Successe a lui suo figlio Raimondo II, che il 28 marzo 1442 vendette le terre della curatoria di Oppia a Francesco Saba in feudo retto secondo il diritto italico, e in seguito a tale acquisto il Saba veniva investito dal Sovrano con diploma del 23 giugno successivo, e otteneva conceduto l’allodialità per queste terre e per i villaggi già da lui posseduti di Codrongianus-susu, Codrongianus-jossu, Bedas, Saccargia e altri, e l’esenzione dal servigio feudale e militare, segnatamente in rispetto alla curatoria di Oppia: ma aveva determinato l’ordine della successione prima per i figli e discendenti maschi, e poi per le femmine, quindi per i collaterali d’uno ed altro sesso di parte materna e paterna, finalmente per gli estranei.

Morto senza successori legittimi il Saba, l’incontrada di Oppia ritornò alla Corona, e il re Don Giovanni, volendo remunerare Don Giovanni di Villamarì, gli faceva dono in libero allodio della medesima con la Planargia e la città di Bosa per diploma del 24 dicembre 1479.

A Don Giovanni successe suo cugino Bernardo di Villamarì, Conte di Capudan, e in suo testamento del 16 settembre 1512 lasciava la città e la Planargia di Bosa a sua figlia Isabella, la curatoria d’Oppia all’altra figlia Anna, sostituendo una all’altra. Essendo morta Anna succedette la sorella Isabella, moglie del Principe di Salerno, e il 27 aprile 1547 vendette l’incontrada di Oppia ad Antioco Virde. Ad Antioco sottentrava il figlio Giovanni Virde, il quale avendo presa in moglie Catterina Pilo ne ebbe due sole figlie: Elena e Catterina. La prima, a cui venne dato il feudo come primogenita, era maritata ad Andrea, l’altra a Giacomo, fratelli Manca Cedrelles.
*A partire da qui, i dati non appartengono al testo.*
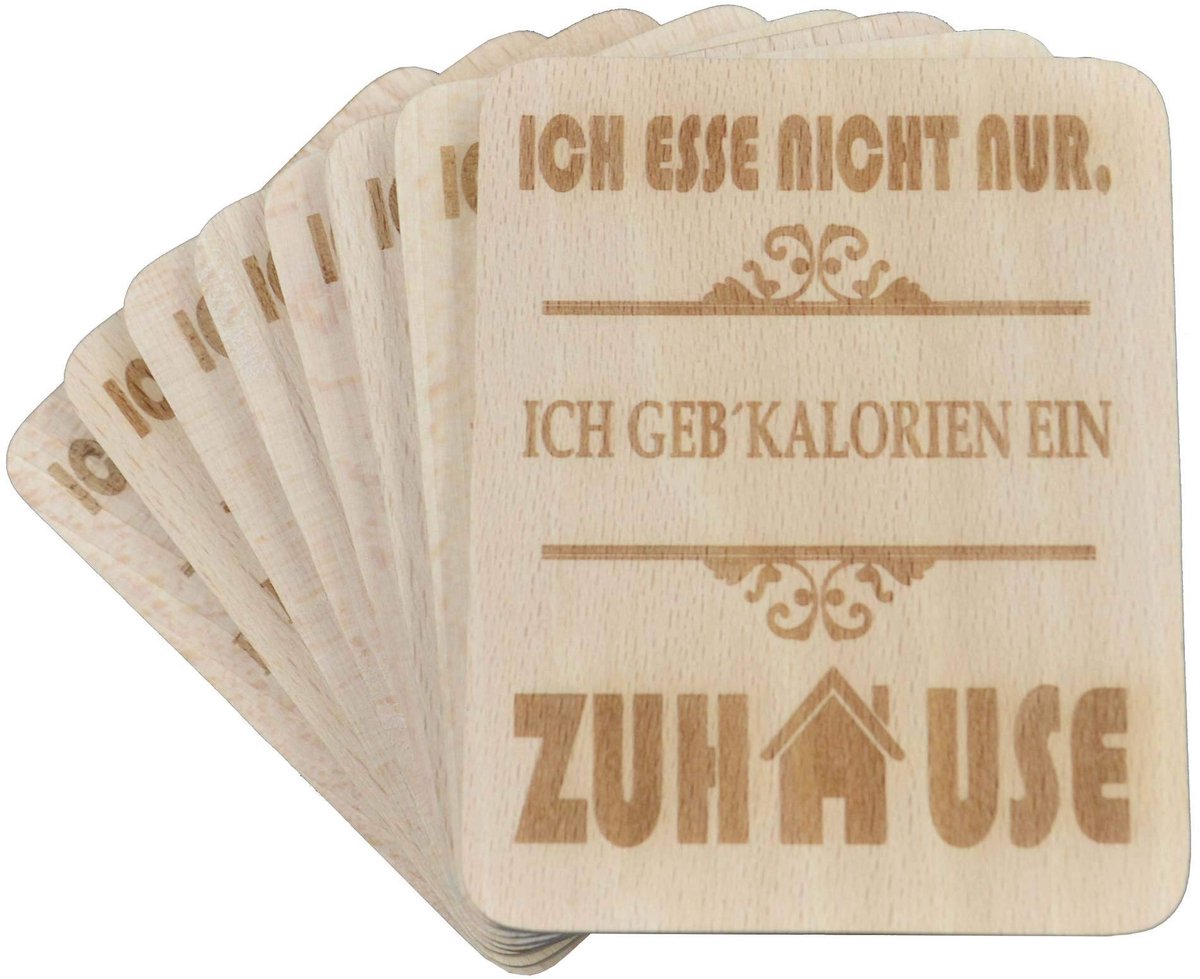 8 onderzetters voor raclettepannetjes met gravering: “Ik eet niet zomaar. Ik geef calorieën een thuis.” Afmetingen: (L) 100 x (B) 80 x (H) 7 mm – gemaakt van lokaal FSC-gecertificeerd beukenhout met lasergravure “Made in Germany” Beschermt uw tafel of tafelkleed tegen brandwonden door hete raclettepannen Als cadeau-idee voor Kerstmis, een verjaardag of gewoon als klein souvenir voor het volgende raclette-avondje met vrienden.

Mancati senza prole Elena ed Andrea furono possessori del feudo Catterina e Giacomo, al quale succedette Andrea che sposava in prime nozze Donna Maria de Ledda, figlia di Don Geronimo, signore allora defunto di Castavalle, e di Donna Isabella Carrillo, come dai capitoli matrimoniali rogati in Sassari nel 1603, e ne aveva un figlio Don Giacomo e una figlia, Donna Geronima; sposava in seconde nozze Donna Angela Giacaraccio e ne aveva due figlie: Donna Angela e Donna Caterina. Andrea nel suo testamento si intitolò Conte, dicendosi il primo a portare questo titolo. Il figlio Don Giacomo prese il titolo di marchese e sposò Donna Giovanna Moras di Molino; in seconde nozze Donna Catterina Ledda, da cui ebbe Donna Maria (moglie del Conte di Villamar Don Salvatore Aymerich) e Donna Giovanna (sposata a Gio.Battista Tola); in terze nozze con Donna Lucia Gaia, dalla quale gli nacquero Don Antonio, Donna Giuseppa, Donna Geromina e Donna Mariangela.

Don Antonio Manca subentrò nel feudo, e da Donna Giuseppa Carnicer ebbe tre figli: Don Giacomo, Don Giuseppe e Donna Francesca. Morì in Sassari nei primi di dicembre del 1728. Fu suo successore Don Giacomo che sposò Donna Stefania Pilo e fu padre di Don Stefano Manca, a sua volta investito del feudo di Montemaggiore con sentenza del 6 agosto 1727.